They were leaving, and I was relieved, but they were exchanging odd little glances as they went, and I finally leaned my head into my hands to hide the blood rushing to my face. Was I so damned transparent?
Could they look at me and see that all I wanted to do was pull Duo into my arms and rock him and kiss every one of his hurts and stroke his hair and beg him to wake up and tell me he was all right? Tell me he didn’t hate me for leaving him on that station? Tell me we could go on being friends after what I had done? Judging from the looks I had gotten, they could.
This couldn’t happen. I could not let this happen. It would be the death of both of us.
I sat in the cold not-silence of a hospital room, listening to the steady beep of the heart monitor and the distant sounds of people going about their jobs. A nurse came in after a bit, smiled at me, checked Duo’s pupils and took his temperature, made a note on his chart and went away again. I was watching the clear medicine drip into the IV, when there was a soft cough in the doorway and Trowa was coming toward me with a tray from the cafeteria.
‘We thought you might be hungry.’ He said simply, and sat the tray with its sandwich and juice down on the side table.
I realized just how empty my stomach was as soon as he did so and I managed a civil, ‘Thank you.’
‘We’re going back to the house now. Quatre said to make you promise to call if anything changes, OK?’
I nodded, suddenly very tired, and he just stood and looked at me for a minute, as though he was going to say something more. But he didn’t, only a quiet ‘Good night.’ Then he left, closing the door behind him.

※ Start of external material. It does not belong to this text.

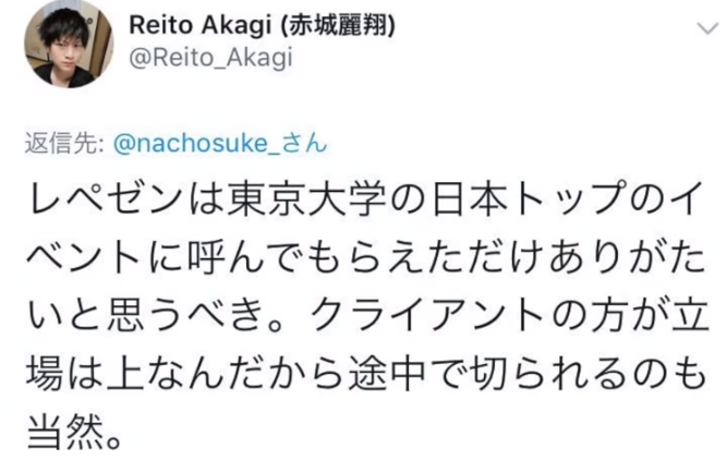 更に、その後東大生と思われる人物が「レペゼンは東京大学の日本トップのイベントに呼んでもらえただけありがたく思うべき」と上から目線のツイートを投稿したことで更に炎上が加速。

Around me were the sounds of people starting their day. There must have been a shift change, because on the half hour, it was a different nurse who came in and checked Duo’s vitals, she too smiled at me, but didn’t offer conversation, and I didn’t encourage it.
I greedily drank the juice and nibbled at the sandwich, the morning delimited by the punctual arrival of a nurse every half hour. I tried to take comfort in the fact they weren’t finding any sign that the concussion was going to turn into anything of concern, but I just wanted him to wake up.

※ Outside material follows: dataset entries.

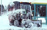A city worker examines the clock that normally sits in the intersection of W. Third …
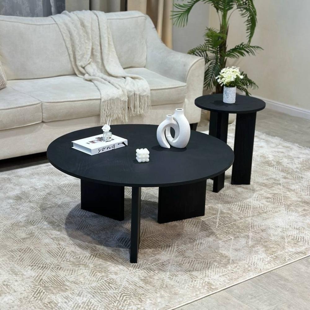 طقم مكوّن من طاولتين متداخلتين مصنوعتين من خشب السنديان عالي الجودة، باللون الاسود الطبيعي. يتميز التصميم بطابع عصري أنيق يضفي لمسة دافئة وفاخرة على أي مساحة داخلية.
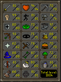From that, I hit 97 Fishing. I also hit 1800 total level!
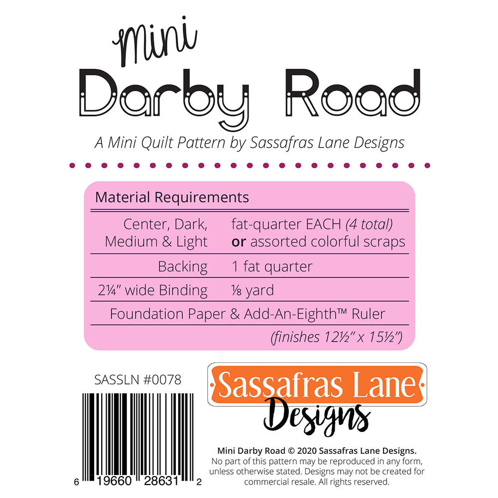 The Mini Darby Road Quilt Pattern by Sassafras Lane Designs is a trouble-free design suited for many individuals. This design is scrap fabric and fat quarter friendly and finishes to be 12-1/2" by 15-1/2". The Mini Darby Road Quilt Pattern by Sassafras Lane Designs also includes a list of suggested materials and step-by-step instructions.

The first sign of change was given to me by the heart monitor; the pulse that had remained a steady, almost mind numbing noise in the back ground, suddenly began to speed up. When I looked at Duo’s face, he appeared to be dreaming, I could see his eyes shifting under the bruised eyelids. At first, I was encouraged by this, the first sign of life I had seen from him since he had grabbed the controls of Deathscythe. But then, I began to see all the signs of nightmare.

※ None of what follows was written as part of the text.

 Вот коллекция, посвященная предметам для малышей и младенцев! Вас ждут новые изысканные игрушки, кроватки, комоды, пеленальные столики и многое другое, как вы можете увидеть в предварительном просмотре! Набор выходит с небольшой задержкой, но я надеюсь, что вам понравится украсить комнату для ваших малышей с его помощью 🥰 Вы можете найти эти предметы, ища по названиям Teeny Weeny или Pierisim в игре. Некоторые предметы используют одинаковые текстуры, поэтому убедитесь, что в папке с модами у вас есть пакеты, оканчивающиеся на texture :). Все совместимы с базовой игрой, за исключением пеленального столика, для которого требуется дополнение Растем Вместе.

‘Duo? Can you hear me? Duo, wake up.’ I was afraid to touch him for fear the drug hadn’t run its course yet. So I just continued to call softly to him, hoping to break the hold of the nightmare.
He finally came awake, his whole body shuddering, and gasping for breath. His one good eye searched the room frantically, trying to get his bearings.
‘Duo!’ I tried to give him an anchor point, ‘It’s Heero. It’s all right now. You’re safe.’
His attention snapped to my voice, and he finally seemed to focus.
‘Heero?’ his voice was hoarse, I knew, from screaming, ‘You’re OK? The guys are all right?’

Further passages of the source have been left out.